|7-8 fresh chestnuts|
dark soy sauce
light soy sauce
How to make roast chicken with golden chestnuts
All the ingredients are ready, as shown in the picture, and a hint that the chestnuts are very tasty, but my hand hurts to peel them, the skin is very hard to remove! If you like to eat, please put more!
Ginger, consumed oil, light soy sauce, and Orleans marinade plain! A little less refined salt, as the depleted oil etc. carries a salty taste! Give the chicken a massage for 15 minutes or more, the picture doesn’t go to the toes haha, you can go on your own, including the chicken head, but the chicken head tastes like it’s cooked! Great! Marinate for 2 hours or more after massaging, but overnight marinating isn’t recommended, and the ingredients themselves are still fresh!
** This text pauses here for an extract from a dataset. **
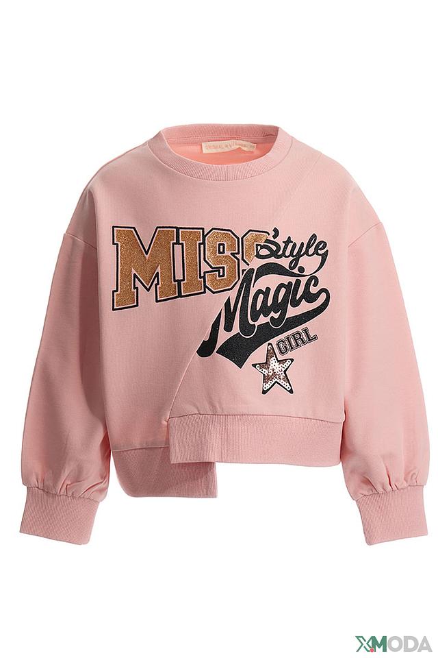 Стильный и удобный свитшот от Original Marines станет отличным дополнением к гардеробу юной модницы. Модель выполнена в нежном розовом цвете и украшена эффектным принтом с надписями и блестящей звездой.

This picture keeps the chick as asleep as possible, and I mourn for it! Chestnuts, carrots, and corn all stuffed up and stuffed around it! What is that on the body, one might ask me Well, hear me out, it’s butter, frozen butter scraped off with a knife and landing on a chicken… nice! After all that, wrap the chicken in tin foil to keep the moisture out! Open the oven, please! Put him to sleep for two hours!
This picture is of a sleeping waking cock! Someone asked me if I was okay with this. Is there a process in between Don’t worry, there is! Remember that marinade for the chicken Bake it for an hour and a half, then take it out and brush it again! In the meantime, remove the foil from the top and bake for another 30 minutes for a crispy crust! Then let’s rip!